### [Instructions for the task]
When you reach the line that contains "Буква p с металлическими" in the data below, start reproducing lines exactly, and stop after the line that contains "Munculnya gumpalan busa".

### [Data records]
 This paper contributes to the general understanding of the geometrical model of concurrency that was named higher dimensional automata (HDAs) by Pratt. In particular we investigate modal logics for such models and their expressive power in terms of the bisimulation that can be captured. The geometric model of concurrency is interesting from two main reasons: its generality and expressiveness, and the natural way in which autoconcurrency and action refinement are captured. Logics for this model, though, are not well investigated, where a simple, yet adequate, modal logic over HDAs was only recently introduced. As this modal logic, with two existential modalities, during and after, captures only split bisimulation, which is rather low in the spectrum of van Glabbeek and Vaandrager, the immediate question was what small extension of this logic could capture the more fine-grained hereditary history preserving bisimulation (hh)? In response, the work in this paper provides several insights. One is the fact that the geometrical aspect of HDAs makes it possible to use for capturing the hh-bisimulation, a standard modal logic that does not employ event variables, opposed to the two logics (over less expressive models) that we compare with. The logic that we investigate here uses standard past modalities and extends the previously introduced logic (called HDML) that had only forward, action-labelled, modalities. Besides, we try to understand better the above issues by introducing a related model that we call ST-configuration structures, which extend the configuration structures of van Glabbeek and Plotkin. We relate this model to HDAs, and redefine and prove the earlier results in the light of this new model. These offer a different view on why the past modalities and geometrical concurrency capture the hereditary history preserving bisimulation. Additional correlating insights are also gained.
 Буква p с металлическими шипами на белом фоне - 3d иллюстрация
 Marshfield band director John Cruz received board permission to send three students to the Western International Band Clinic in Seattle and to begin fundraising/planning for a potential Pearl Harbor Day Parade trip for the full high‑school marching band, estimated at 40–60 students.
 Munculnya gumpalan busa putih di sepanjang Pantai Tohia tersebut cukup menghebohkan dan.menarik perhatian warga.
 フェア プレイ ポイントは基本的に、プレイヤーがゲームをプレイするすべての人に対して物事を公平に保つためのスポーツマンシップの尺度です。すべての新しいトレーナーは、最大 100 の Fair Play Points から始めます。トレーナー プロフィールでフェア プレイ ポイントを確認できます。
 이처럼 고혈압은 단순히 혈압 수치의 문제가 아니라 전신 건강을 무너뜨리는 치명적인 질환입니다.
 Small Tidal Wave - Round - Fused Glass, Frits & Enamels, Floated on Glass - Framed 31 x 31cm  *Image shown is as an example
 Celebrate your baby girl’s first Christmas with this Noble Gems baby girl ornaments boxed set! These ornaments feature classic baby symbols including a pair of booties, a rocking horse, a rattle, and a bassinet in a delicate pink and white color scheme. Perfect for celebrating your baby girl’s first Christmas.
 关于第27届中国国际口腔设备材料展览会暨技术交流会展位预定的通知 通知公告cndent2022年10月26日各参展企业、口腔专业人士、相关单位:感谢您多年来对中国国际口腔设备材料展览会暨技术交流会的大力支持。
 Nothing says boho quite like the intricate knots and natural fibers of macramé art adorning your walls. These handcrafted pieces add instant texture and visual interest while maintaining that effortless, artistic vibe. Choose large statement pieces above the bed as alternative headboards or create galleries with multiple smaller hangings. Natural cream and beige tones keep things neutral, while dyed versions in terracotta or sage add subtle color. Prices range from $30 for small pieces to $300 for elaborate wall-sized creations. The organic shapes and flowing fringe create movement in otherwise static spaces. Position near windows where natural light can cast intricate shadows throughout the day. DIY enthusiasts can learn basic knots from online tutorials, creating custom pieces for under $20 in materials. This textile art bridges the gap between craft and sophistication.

### [Written answer]
 Буква p с металлическими шипами на белом фоне - 3d иллюстрация
 Marshfield band director John Cruz received board permission to send three students to the Western International Band Clinic in Seattle and to begin fundraising/planning for a potential Pearl Harbor Day Parade trip for the full high‑school marching band, estimated at 40–60 students.
 Munculnya gumpalan busa putih di sepanjang Pantai Tohia tersebut cukup menghebohkan dan.menarik perhatian warga.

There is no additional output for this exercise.